Scientists at Cornell University have successfully created hybrid insects whose muscles can be controlled by implanted electronics.  The goal is to control the flight of these microsystem-controlled insects, making human control over nature ever more plausible.  Such life forms have a variety of applications, ranging from crime investigation to military and homeland security.

 

These insect cyborgs are the latest achievement of the Defence Advanced Research Program Agency and have recently been showcased at the Micro-Electro-Mechanical Systems international conference in Tucson, Arizona.  The researchers, led by Dr.
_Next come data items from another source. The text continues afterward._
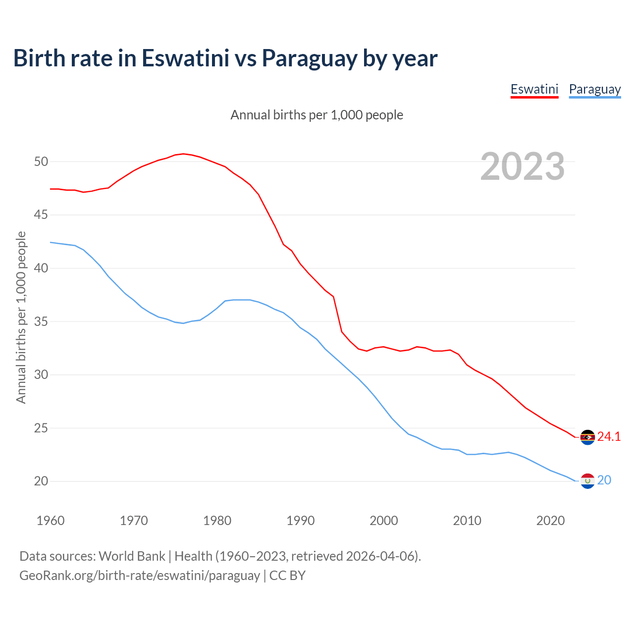 GeoRank.org/birth-rate/eswatini/paraguay | CC BY
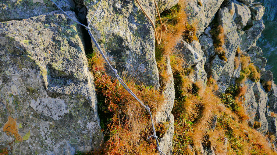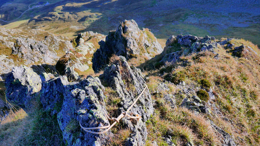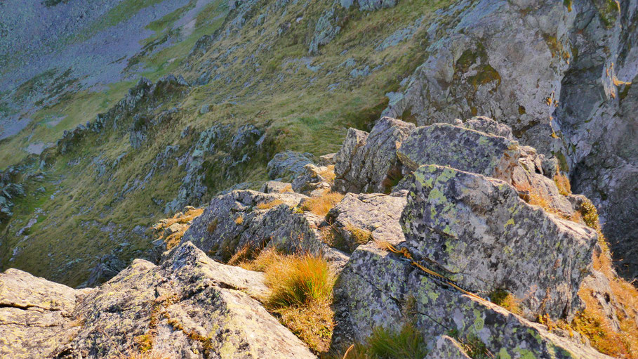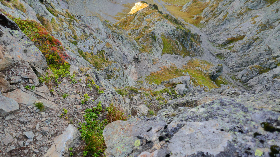 Man kann sich entweder am Seil in die Südflanke runterhanteln, oder wie ich ziemlich direkt und steil in die Scharte absteigen.
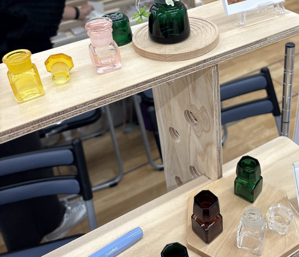 また、角フタ薬瓶(グリーン)は照明映えすることもあり人気で、ダッペングラス(透明)との組み合わせ購入もありました。
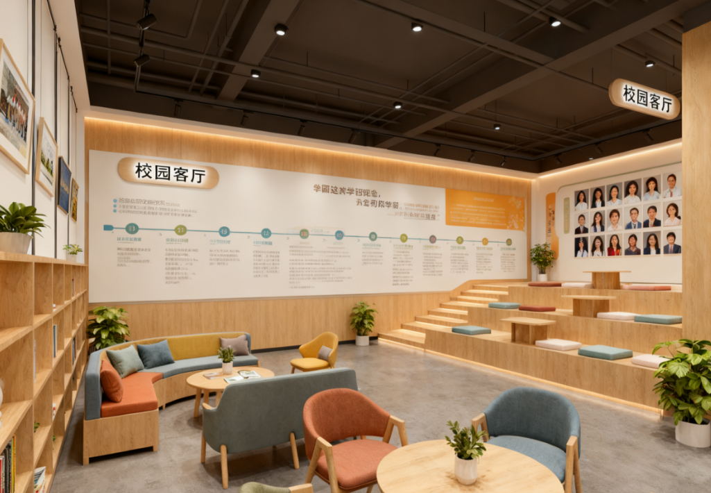核心理念:打破传统展厅的刻板印象,将其打造成一个集展示、学习、交流、休憩于一体的“校园客厅”。
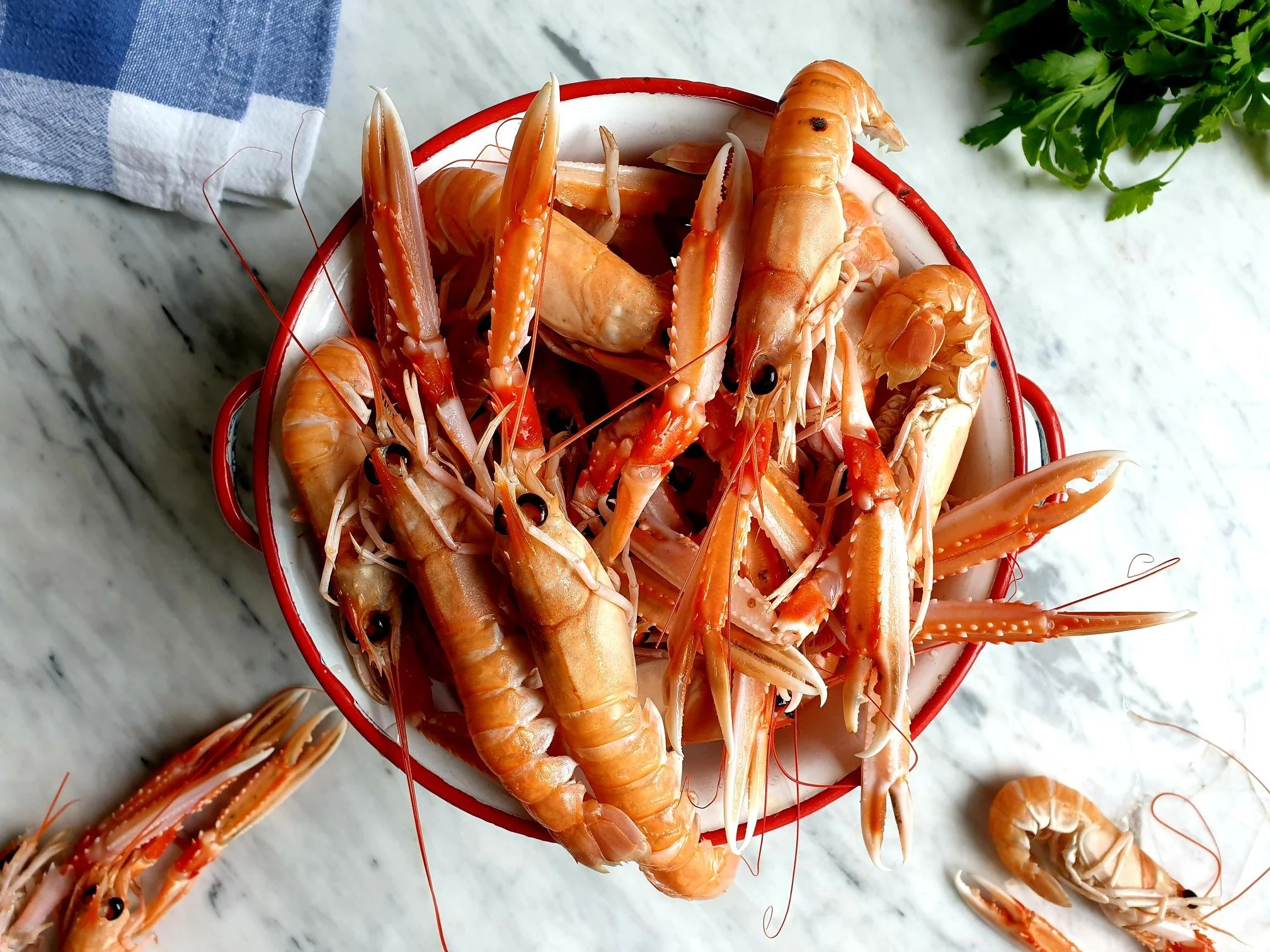 Great for dinner parties and kids have great fun unpeeling the langoustine tails. They feel a bit special and grown up, and it is a great way to get them familiar with the seafood from a very early age.
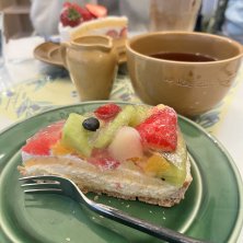 ✨️ア・ラ・カンパーニュ✨️ タルトメリメロ ニルギリ 本当に久しぶりのタルト。定番のフルーツにしました。フルーツの下のカスタードが甘すぎず、くどすぎずちょうど良い。スッキリな後味のニルギリとも相性良き。 美味しかった!
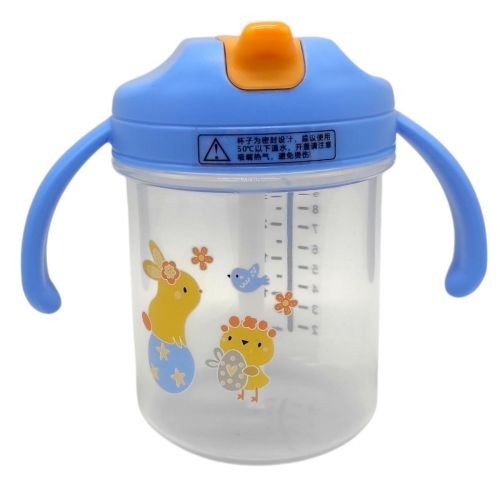 Опис Дитячий поїльник з трубочкою, 280 мл (ПРОЗОРИЙ, БЛАКИТНІ РУЧКИ)
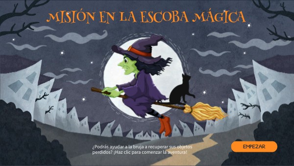 La bruja viajaba en su escoba junto a su gato cuando, por culpa del viento, empezó a perder algunas de sus cosas: primero el sombrero, luego el lazo y más tarde la varita.Ahora necesita tu ayuda para recuperar cada objeto. ¿Listo para comenzar?
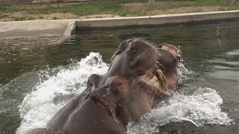 “小乖”今年正值青春活潑的年紀(jì),性格溫順可愛。經(jīng)過一段時間的精心準(zhǔn)備與適應(yīng)期,“小乖”已經(jīng)與老住戶“大嘴”和諧相處,一同在水中暢游、嬉戲玩耍,或是在岸邊悠閑進(jìn)食、曬著太陽。兩只河馬的互動與陪伴,給園區(qū)增加了許多樂趣,也給游客們帶來更加新奇、歡樂的觀賞體驗。

Amit Lal, implanted electronic circuit probes into tobacco hornworms during their early pupal stage.  These were then allowed to develop and mature into long-lived moths, whose muscular movement could be manipulated with the implanted electronic network.

 

Thomas Easton, a professor of science and author of Sparrowhawk – an engaging novel about such insect cyborgs – suggests an amusing way in which the technology could identify individuals from a crime scene.  He describes how moths are particularly sensitive to sex attractants.  If traces of these chemicals could be transferred onto money, stolen cash along with the bank robbers would be traceable using the moth-based-hybrid to follow the scent.  If that isn’t a scene for the next Bond movie, I don’t know what is!

 

Even more impressively, the sex attractant receptor on the moth antennae could potentially be replaced with receptors for explosives or drugs via genetic engineering.  Readers beware: science fiction is becoming a reality.